R Marchioli, F Avanzini, F Barzi, C Chieffo, A Di Castelnuovo, M.G Franzosi, E Geraci, A.P Maggioni, R.M Marfisi, N Mininni, G.L Nicolosi, M Santini, C Schweiger, L Tavazzi, G Tognoni, F Valagussa on behalf of GISSI-Prevenzione Investigators
DOI: http://dx.doi.org/10.1053/euhj.2000.2544 2085-2103 First published online: 2 November 2001

Abstract

Aims To present and discuss a comprehensive and ready to use prediction model of risk of death after myocardial infarction based on the very recently concluded follow-up of the large GISSI-Prevenzione cohort and on the integrated evaluation of different categories of risk factors: those that are non-modifiable, and those related to lifestyles, co-morbidity, background, and other conventional clinical complications produced by the index myocardial infarction.

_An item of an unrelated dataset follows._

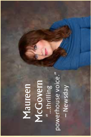
Maureen McGovern "...thrilling powerhouse voice." – Newsday

Methods The 11–324 men and women recruited in the study within 3 months from their index myocardial infarction have been followed-up to 4 years. The following risk factors have been used in a Cox proportional hazards model: non-modifiable risk factors: age and sex; complications after myocardial infarction: indicators of left ventricular dysfunction (signs or symptoms of acute left ventricular failure during hospitalization, ejection fraction, NYHA class and extent of ventricular asynergy at echocardiography), indicators of electrical instability (number of premature ventricular beats per hour, sustained or repetitive arrhythmias during 24-h Holter monitoring), indicators of residual ischaemia (spontaneous angina pectoris after myocardial infarction, Canadian Angina Classification class, and exercise testing results); cardiovascular risk factors: smoking habits, history of diabetes mellitus and arterial hypertension, systolic and diastolic blood pressure, blood total and HDL cholesterol, triglycerides, fibrinogen, leukocytes count, intermittent claudication, and heart rate. Multiple regression modelling was assessed by receiver operating characteristic (ROC) analysis. Generalizability of the models was assessed through cross validation and bootstrapping techniques.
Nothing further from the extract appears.